At Duke University Medical Center, the current therapy for cerebral palsy requires the child to have his or her own cord blood (Sun et al. 2010). So far they have treated hundreds of children with some form of cerebral palsy from around the world. The Parent's Guide to Cord Blood Foundation inventory for the end of 2013 counts over 3 million children worldwide that have their cord blood stored in family banks. If 3.3 out of every 1000 of these children have cerebral palsy, then there are 9,900 potential patients worldwide who are eligible for treatment.
At CHA University Medical Center in South Korea, the current therapy for cerebral palsy relies on matched cord blood donations (Kim et al. 2012). So far they have treated over 160 Korean patients with matched cord blood units from their affiliated public bank whose inventory was 162 thousand in February 2013.
In theory the use of donated cord blood could open the door to therapy for many more cerebral palsy patients who do not have their own cord blood in storage. In practice, allogeneic therapy with donated cord blood introduces two steep hurdles. The first hurdle is that the patient must take immunosuppressive drugs for the duration of therapy, in order to prevent the patient's body from immediately rejecting the donor cord blood. This in turn makes it necessary to take extra precautions against infection while the patient is immune compromised. The current treatment protocol in Korea requires the patient to stay in the hospital for about three weeks. This patient management is significantly more complicated and expensive than the autologous therapy which only requires medical supervision on the day of infusion.

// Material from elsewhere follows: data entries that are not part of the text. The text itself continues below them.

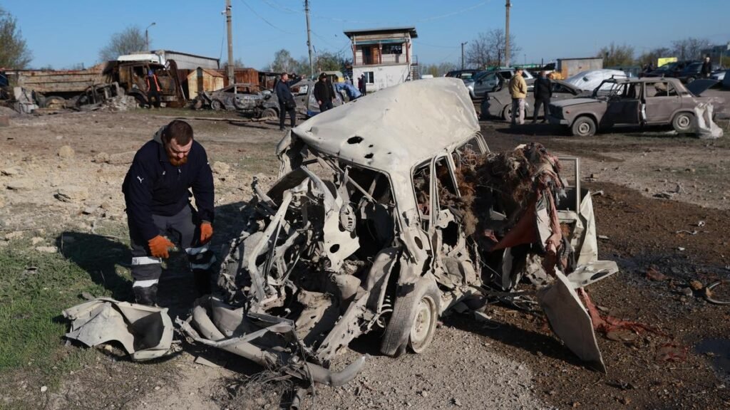 Cars damaged by Russia’s drone attack are seen in Zaporizhzhia, Ukraine, on April 15, 2026.
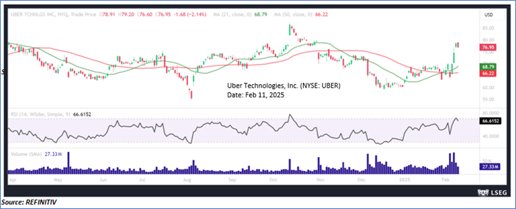 Considering the current trading levels, risks associated, and volatile market conditions on the back of higher interest rates, an ‘Sell’ rating is assigned to the ‘UBER’ at the close price of USD 76.95 as of Feb 11, 2025.
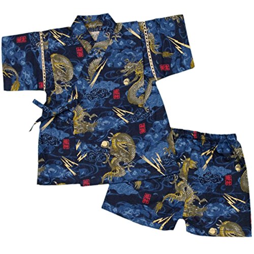 カラー : ブルー / ボーイズベビー龍神・龍柄・和柄甚平上下セット(日本製生地使用、中国縫製) / ・ 日本製生地使用 / ・ 龍神柄の上下セパレートタイプの甚平 / ・ 肩口は千鳥掛けで涼しい / ・ 上着は内掛け、外掛け紐でカンタン着用 / ・ パンツはウェストゴム入り / ・ お祭りや花火大会だけではなく、普段着やパジャマとしても大活躍! / 綿 100%(日本製生地)
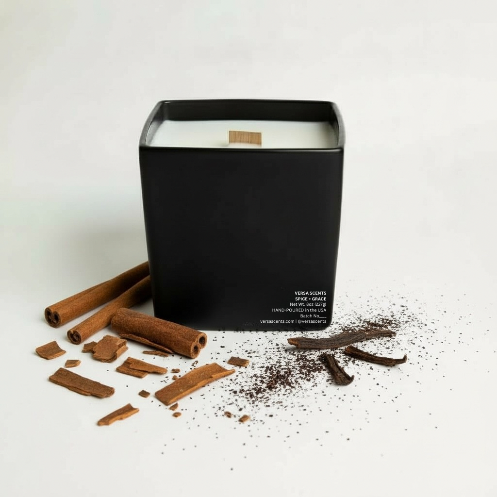 Comfort wrapped in elegance. Spice + Grace blends warm spices with silky cream and soft vanilla, creating a smooth, graceful scent that feels both cozy and refined.
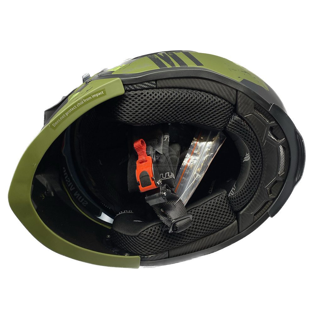 The MT Street Fighter Skull off road motorcycle helmet is perfect for adventure riders, green laners and trials enthusiasts looking to make a statement! With a removable mask & peak, the helmet is extremely versatile and can be ridden both on and off the road. An internal drop down inner visor helps the wind, while a fully removable interior liner allows you to keep the helmet feeling fresh long after its first outing.
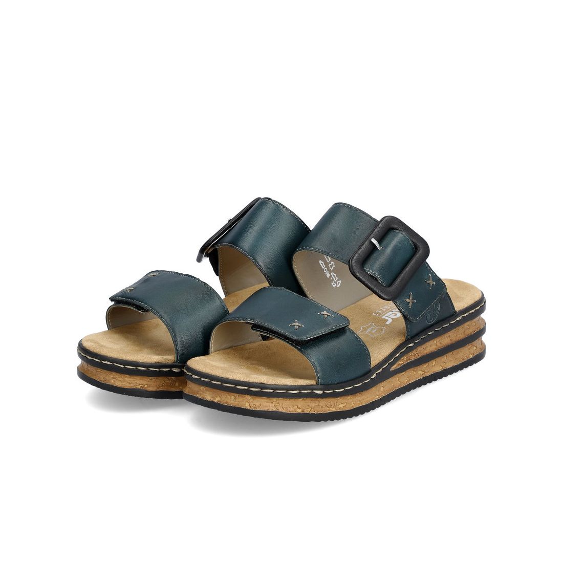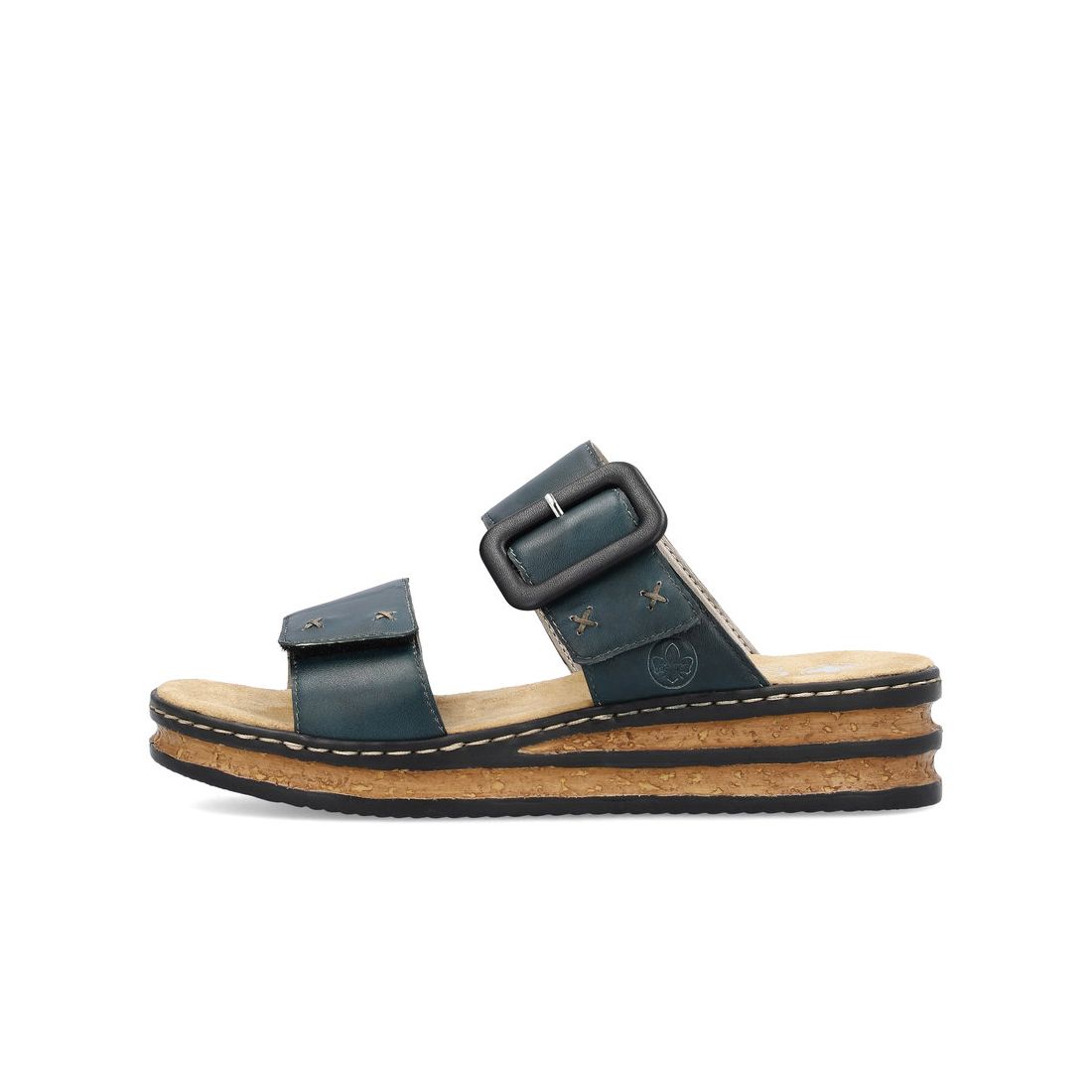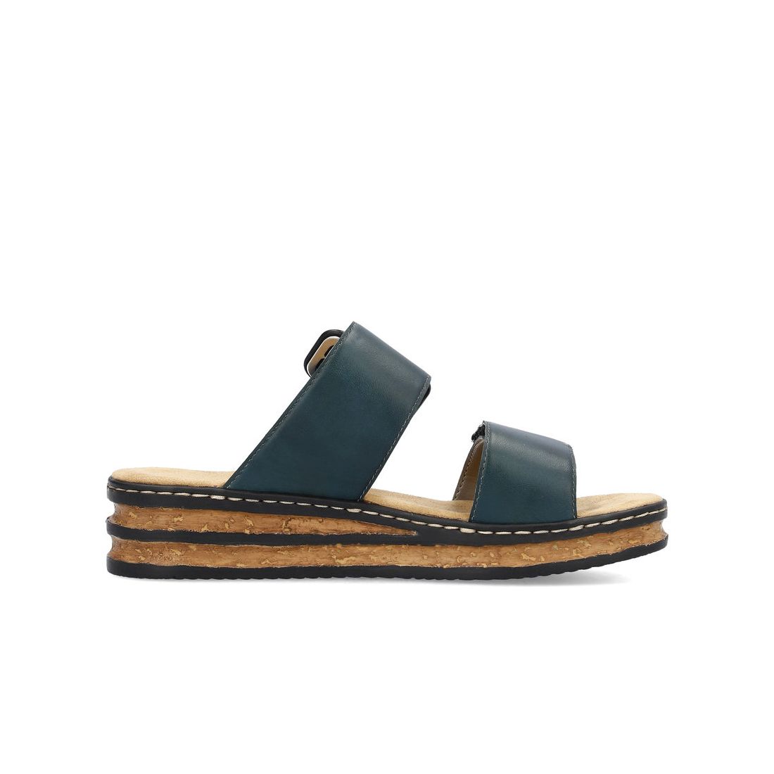 Skvěle padnoucí dámské pantofle Rieker udělají každý den ještě pohodlnější. Tyto nazouváky v "petrolejové" barvě se dvěma pásky na suchý zip, díky nimž si obuv perfektně přizpůsobíte svým nohám, jsou doladěny nízkým klínkem v imitaci korku. Ať je využijete na dovolenou, do práce a na běžné nošení, vždy budete spokojená. Technologie: Antistress - podešev je díky této technologii lehká, flexibilní, absorbuje nárazy při došlapu a snadno se přizpůsobí každé noze.
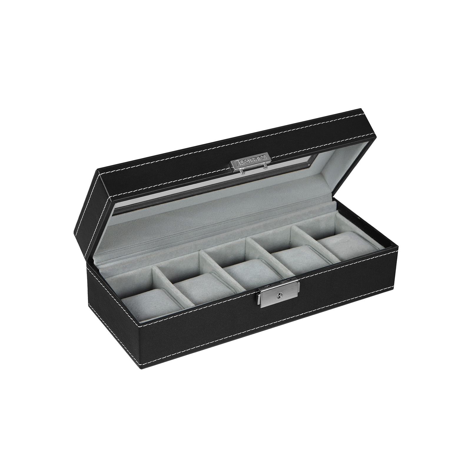 Produktbeskrivelse: Urkassen med gennemsigtig glasplade er meget velegnet til opbevaring af dine armb?ndsure. Det klare glasvindue er meget praktisk, da det giver dig et direkte overblik over, hvilke ure der ligger i kassen. Takket v?re skillev?gge og polstrede urpuder kan urene opbevares p?nt. Urpuderne har en meget behagelig overflade og giver urene et godt hold. Hvis du tager urpuderne ud, bliver etuiet til en lille opbevaringsboks eller et smykkeskrin, der er meget velegnet til opbevaring af knapper, ?reringe, ringe, k?der og andre smykker. Moderne og tiltalende udseende, gennemt?nkt design, perfekt som gave til dine venner og familie, uanset om det er til kvinder eller m?nd. St?rrelse – Produktm?l: 26,5 x 11 x 8,5 cm – Rumst?rrelse: 4,5 x 9 cm – 5 puder (hver 4,5 x 7,5 x 4 cm) Opbevaring og pleje:- Opbevar venligst urkassen i et ventileret rum ved temperaturer mellem 10 og 40 ? og undg? at lade kassen ligge i solen eller i rum med h?j luftfugtighed i l?ngere tid.- Pletter p? overfladen kan t?rres af med en let fugtet klud. Undg? at der tr?nger vand ind i urkassen. – V?sker skal straks fjernes med h?nden eller en bl?d klud, hvorefter overfladen skal t?rre ved k?lige temperaturer. – Brug regelm?ssigt specielle plejemidler til kunstl?der for at bevare glansen i lang tid.- B?j eller tryk ikke p? ?sken, n?r den er i brug eller ikke er i brug. – Opbevar ikke ur?sken sammen med kemikalier. Leveringsomfang: – 1 x ur?ske – Uden ure og smykker
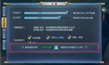 1.大于70级的玩家下线前可以打开“挂机设置”面板进行离线挂机的设置。
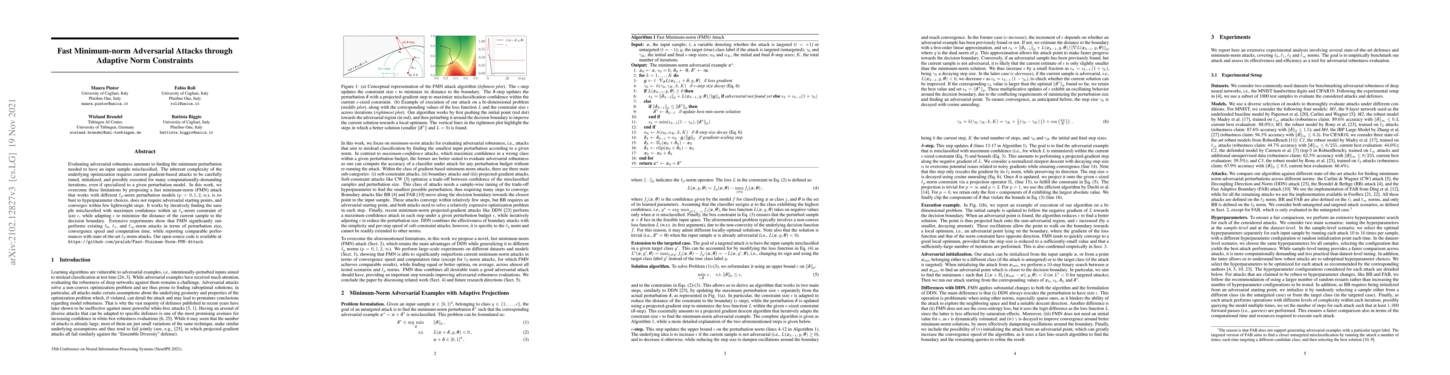 This paper proposes a fast minimum-norm (FMN) attack for generating adversarial examples that efficiently finds the smallest perturbation to misclassify input samples, working across various $\ell_p$-norm models and requiring few iterations. FMN outperforms existing attacks in speed and computation while maintaining or reducing perturbation size.
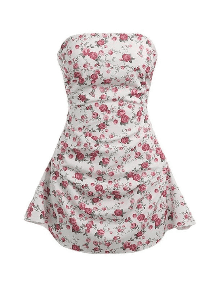 Description: Unleash your floral fantasy with this strapless mini dress. Its casual yet sexy design is perfect for a variety of occasions. from a fun day out to a romantic date night. Made with a comfortable polyester blend fabric. it offers a slim fit that accentuates your curves. The sleeveless style and strapless neckline add a touch of elegance. while the floral pattern print all over the body brings a vibrant and fresh vibe. The dress features ruched details that create a flattering silhouette and a concealed zip fly to the back for easy wearing. Whether you're going on a holiday. attending a festival. or simply enjoying a day at the beach. this dress will make you feel stylish and confident.

Another hurdle is the process of finding a matched cord blood unit. This hurdle has many components - genetic, political, and financial. Patients from ethnic minorities and mixed racial backgrounds will have a harder time finding matched donors. But what can be even harder than finding the matching unit, is convincing a public cord blood bank to release that unit for a therapy that is not a traditional hematology or oncology indication. Even if they are willing to release it, at what cost? The current financial model of public banks is built on the assumption that they only release 1-3% of their inventory for transplants, and because of that low release rate the cost of a public unit is over $30,000 in the US. That would be a staggering burden for a family pursuing a clinical trial that is not covered by insurance.
Families will probably find that the easiest way to access a cord blood unit for a child who does not have his or her own cord blood in storage, is to use sibling cord blood. The odds of a perfect match naturally occurring with a full sibling are 25%, but a match can be engineered with preimplantation genetic diagnosis. The cost to a US family to provide privately banked sibling cord blood is about $2,000 to bank the cord blood, about $125 per year in storage fees, plus any shipping costs that are not covered by the bank when the cord blood is released.
In summary, the potential market of patients who could benefit from cord blood therapy for cerebral palsy numbers in the thousands and is distributed worldwide. Someday our approach towards all cord blood banking may be modified by the realization that a certain fraction of infants will need to use their cord blood stem cells for therapy. Dr. Kurtzberg of Duke has suggested that the cord blood donated to public banks should be "embargoed" for the first year of storage, in case the donor needs it back.